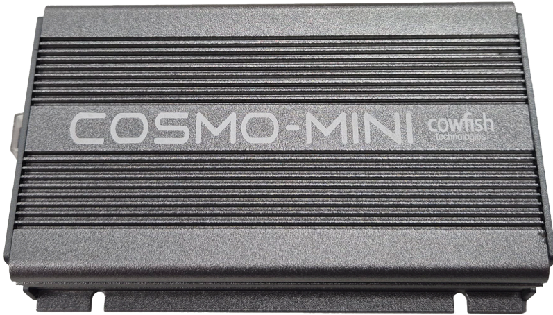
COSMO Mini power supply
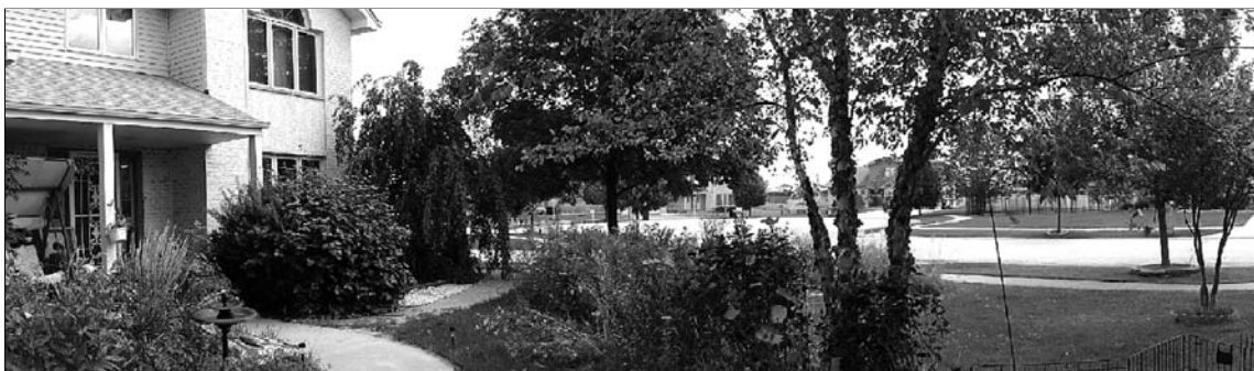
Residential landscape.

---

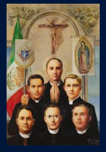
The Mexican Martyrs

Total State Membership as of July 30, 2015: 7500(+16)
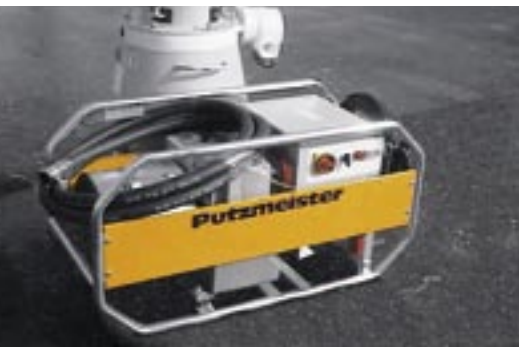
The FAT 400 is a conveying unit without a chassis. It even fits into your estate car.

==

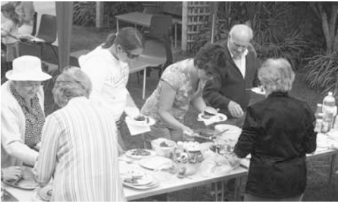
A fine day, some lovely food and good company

## EXERCISE
Extract, without any images, the part of the material above that opens with the line containing "COSMO Mini power supply" and closes with the line containing "Residential landscape.", both lines included.

## PROBLEM SOLUTION
COSMO Mini power supply
Residential landscape.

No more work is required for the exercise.